Über die Herbsttagung in Bojensdorf vom 20.10. bis 24.10.2025
Vergangene Woche habe ich an der Jugendtagung in Bojensdorf, direkt an der Ostsee, als Helfer teilgenommen. Sie war ausgelegt für Jugendliche zwischen 13 und 18 Jahren. Das Thema in diesem Jahr war „Freundschaft“.
Gemietet wurden für die Tagung zwei Seminarhäuser mit Schlafzimmern und einem Essraum, in dem wir 46 Menschen ‚kuschelig‘ Platz fanden. An einzelnen Tagen wurde von Haus aus Frühstück und Mittagessen geliefert. Dieses Frühstück bezeichnete ich als ein »Königsfrühstück« mit Käse & Wurst-Platten, von Brötchen, über Schokomüsli, bis hin zu Obstsäften, Milch und heißem Kaffee.
Eingerahmt war die Tagung von morgendlichem Singen, dann einer Andacht, und anschließendem Frühstück. Danach fand der Morgenkreis mit darauffolgenden Interessengruppen statt. Jeder durfte sich täglich neu für eine Gruppe entscheiden.

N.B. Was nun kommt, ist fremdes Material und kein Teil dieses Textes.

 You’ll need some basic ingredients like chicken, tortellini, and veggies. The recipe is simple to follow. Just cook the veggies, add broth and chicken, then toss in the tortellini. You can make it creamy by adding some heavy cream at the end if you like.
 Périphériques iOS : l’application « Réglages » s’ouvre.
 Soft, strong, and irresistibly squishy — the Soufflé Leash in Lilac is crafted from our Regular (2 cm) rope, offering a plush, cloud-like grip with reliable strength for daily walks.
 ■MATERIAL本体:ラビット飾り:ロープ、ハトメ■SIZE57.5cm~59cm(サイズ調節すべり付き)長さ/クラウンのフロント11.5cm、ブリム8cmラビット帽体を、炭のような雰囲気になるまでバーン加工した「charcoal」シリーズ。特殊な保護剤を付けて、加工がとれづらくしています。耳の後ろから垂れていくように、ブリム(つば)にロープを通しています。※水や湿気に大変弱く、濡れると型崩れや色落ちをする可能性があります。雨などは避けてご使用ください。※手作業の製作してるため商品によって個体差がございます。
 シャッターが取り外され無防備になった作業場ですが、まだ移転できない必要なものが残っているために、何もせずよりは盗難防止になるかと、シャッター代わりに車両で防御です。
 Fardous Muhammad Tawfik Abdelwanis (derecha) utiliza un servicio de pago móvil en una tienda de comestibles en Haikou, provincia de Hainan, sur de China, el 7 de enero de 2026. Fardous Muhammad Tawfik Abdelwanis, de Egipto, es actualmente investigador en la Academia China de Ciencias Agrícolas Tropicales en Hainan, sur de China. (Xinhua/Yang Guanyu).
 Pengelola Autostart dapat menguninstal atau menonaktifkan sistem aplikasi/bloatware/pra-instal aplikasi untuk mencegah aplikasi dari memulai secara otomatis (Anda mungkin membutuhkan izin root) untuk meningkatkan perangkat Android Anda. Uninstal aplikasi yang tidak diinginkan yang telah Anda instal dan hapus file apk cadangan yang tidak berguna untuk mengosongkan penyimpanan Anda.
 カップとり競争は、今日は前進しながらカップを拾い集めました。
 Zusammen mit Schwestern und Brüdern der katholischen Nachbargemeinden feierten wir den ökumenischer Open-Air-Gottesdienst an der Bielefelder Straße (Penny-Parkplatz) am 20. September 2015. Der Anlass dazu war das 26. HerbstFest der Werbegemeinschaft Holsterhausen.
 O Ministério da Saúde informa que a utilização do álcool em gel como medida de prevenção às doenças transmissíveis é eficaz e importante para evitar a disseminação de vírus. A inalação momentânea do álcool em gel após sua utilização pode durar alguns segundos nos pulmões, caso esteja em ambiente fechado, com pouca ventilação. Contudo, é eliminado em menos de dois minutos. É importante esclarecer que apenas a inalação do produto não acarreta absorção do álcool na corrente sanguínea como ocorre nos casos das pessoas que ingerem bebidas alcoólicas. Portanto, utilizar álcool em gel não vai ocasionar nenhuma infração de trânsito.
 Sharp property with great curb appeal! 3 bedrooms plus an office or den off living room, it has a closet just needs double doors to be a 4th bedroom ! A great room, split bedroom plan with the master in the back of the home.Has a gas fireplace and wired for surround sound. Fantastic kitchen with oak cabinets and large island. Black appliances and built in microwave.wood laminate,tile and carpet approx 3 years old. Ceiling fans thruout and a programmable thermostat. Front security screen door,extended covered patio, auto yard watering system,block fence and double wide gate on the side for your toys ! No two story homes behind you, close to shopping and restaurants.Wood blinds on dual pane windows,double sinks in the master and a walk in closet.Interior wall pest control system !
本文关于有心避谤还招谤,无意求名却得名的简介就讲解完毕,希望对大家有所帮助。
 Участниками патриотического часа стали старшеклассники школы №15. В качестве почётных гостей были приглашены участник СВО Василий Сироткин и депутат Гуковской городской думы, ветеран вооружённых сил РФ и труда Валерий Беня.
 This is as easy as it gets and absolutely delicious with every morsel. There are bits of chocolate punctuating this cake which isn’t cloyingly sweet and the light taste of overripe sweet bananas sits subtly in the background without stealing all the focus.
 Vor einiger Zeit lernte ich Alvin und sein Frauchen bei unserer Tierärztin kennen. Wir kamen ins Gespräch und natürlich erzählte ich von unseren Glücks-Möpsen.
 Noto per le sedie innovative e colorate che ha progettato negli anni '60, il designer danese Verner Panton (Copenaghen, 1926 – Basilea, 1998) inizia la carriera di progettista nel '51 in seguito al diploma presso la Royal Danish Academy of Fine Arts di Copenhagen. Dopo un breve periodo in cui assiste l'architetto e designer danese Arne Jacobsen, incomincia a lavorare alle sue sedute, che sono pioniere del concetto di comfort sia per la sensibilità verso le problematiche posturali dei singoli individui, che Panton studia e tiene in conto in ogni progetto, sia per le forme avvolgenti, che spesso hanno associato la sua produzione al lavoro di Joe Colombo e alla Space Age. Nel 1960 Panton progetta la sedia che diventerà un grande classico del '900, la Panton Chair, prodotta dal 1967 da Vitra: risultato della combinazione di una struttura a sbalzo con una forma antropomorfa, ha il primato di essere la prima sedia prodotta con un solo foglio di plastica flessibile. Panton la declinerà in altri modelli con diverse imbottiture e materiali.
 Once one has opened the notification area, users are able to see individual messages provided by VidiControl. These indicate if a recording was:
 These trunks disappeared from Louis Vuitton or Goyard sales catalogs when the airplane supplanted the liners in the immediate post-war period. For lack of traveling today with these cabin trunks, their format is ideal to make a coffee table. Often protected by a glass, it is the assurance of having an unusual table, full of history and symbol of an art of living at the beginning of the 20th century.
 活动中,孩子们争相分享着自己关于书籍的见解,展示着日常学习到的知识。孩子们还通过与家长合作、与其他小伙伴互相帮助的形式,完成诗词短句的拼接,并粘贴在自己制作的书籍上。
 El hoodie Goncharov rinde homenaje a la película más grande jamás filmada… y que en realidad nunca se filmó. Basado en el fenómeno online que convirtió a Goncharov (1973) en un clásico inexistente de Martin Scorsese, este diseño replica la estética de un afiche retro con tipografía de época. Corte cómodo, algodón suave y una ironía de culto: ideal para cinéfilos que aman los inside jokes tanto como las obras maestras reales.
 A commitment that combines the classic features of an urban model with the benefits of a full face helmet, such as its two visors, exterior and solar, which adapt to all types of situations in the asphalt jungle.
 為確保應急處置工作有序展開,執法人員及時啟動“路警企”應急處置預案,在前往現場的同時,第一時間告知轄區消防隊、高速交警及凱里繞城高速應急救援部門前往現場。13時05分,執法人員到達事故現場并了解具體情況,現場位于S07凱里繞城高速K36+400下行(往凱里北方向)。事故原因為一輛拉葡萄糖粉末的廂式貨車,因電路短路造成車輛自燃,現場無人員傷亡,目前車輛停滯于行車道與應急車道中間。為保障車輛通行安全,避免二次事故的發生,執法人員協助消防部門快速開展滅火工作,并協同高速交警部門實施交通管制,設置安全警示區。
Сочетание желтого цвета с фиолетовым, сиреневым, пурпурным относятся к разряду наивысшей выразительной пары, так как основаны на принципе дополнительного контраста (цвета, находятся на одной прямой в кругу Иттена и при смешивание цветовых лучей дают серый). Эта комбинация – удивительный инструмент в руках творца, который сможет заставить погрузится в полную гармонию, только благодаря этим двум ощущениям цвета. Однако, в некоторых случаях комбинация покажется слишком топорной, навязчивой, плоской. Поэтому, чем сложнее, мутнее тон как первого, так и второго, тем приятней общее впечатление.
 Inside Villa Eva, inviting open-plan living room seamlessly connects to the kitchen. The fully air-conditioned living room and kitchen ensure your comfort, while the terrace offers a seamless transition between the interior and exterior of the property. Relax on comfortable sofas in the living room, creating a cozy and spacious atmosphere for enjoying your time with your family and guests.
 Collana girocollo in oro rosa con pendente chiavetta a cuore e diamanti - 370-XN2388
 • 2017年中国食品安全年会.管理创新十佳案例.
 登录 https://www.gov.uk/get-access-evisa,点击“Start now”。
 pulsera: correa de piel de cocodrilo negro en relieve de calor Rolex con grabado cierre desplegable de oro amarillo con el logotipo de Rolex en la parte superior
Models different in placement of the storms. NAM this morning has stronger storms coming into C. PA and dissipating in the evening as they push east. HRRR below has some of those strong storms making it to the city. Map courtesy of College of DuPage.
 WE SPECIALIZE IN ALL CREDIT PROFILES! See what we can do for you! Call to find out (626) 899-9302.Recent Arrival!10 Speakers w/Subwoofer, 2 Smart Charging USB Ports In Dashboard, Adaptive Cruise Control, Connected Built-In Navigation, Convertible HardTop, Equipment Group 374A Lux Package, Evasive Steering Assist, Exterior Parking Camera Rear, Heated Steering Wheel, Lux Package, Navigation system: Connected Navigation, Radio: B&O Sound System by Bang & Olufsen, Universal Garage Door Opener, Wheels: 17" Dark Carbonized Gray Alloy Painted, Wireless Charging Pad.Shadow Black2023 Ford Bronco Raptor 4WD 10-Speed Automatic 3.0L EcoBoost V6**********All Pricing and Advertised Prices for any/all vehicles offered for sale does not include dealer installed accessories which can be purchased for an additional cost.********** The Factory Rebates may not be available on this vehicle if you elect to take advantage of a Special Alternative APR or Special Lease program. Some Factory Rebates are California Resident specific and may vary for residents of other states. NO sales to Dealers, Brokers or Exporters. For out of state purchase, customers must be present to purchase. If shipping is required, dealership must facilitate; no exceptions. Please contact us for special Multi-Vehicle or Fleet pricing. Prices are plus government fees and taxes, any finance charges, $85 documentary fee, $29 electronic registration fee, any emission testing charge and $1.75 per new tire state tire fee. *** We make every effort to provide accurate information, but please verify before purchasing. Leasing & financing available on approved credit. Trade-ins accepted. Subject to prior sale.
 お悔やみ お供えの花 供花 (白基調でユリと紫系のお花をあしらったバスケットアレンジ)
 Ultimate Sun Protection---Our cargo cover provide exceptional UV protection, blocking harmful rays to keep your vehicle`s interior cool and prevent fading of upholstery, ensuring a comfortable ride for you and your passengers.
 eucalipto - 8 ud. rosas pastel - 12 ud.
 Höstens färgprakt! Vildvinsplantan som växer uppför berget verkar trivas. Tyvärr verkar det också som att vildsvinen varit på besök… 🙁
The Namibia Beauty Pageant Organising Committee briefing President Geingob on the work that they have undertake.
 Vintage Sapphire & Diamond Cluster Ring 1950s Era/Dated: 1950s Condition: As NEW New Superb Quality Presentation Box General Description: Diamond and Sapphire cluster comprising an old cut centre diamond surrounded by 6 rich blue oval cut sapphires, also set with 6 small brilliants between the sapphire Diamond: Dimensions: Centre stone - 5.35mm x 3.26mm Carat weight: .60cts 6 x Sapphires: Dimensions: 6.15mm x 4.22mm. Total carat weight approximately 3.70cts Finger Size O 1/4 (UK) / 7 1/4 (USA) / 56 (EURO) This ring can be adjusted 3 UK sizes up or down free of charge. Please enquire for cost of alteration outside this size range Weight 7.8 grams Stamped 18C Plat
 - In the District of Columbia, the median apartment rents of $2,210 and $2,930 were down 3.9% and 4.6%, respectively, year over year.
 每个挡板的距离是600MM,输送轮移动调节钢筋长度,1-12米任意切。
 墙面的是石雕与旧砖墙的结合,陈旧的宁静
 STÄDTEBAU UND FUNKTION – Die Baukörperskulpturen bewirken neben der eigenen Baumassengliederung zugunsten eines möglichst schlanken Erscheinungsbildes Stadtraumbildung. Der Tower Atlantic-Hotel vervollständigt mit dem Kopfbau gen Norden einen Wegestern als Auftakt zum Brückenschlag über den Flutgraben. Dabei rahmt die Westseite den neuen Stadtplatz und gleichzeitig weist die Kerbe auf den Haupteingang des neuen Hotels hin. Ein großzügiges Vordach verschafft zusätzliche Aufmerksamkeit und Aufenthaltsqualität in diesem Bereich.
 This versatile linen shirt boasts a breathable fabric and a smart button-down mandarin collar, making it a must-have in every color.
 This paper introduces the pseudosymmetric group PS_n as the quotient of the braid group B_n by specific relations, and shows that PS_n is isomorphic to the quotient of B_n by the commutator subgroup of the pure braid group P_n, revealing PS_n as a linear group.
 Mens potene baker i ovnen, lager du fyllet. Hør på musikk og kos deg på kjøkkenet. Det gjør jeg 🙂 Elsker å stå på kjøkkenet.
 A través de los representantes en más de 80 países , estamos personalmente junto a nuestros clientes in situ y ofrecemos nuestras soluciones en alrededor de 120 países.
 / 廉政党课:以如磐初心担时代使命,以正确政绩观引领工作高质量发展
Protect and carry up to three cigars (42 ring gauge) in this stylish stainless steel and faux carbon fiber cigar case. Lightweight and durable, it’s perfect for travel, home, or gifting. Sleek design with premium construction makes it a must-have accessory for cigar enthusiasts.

Jeroen Moes ist ein von Positivität sprühender Chorleiter, er stimmte Lieder auf eine Art an, dass keiner sich fürs Singen zu schämen brauchte. So entstanden regelmäßige Gesangseinheiten mit Liedern aus aller Welt, melodisch greifend und mehreren Stimmen. Dieser Chor war für alle ein Quell der Freude und Lebenskraft. Außerdem hatte Jeroen Kreistänze im Angebot. Dafür fanden wir uns draußen im Hof in einem großen Kreis zusammen. Es war erfüllend, gemeinsam zu tanzen, während der Wind von der Ostsee herüberwehte und Scharen von Kranichen über unsere Köpfe gen Spanien zogen.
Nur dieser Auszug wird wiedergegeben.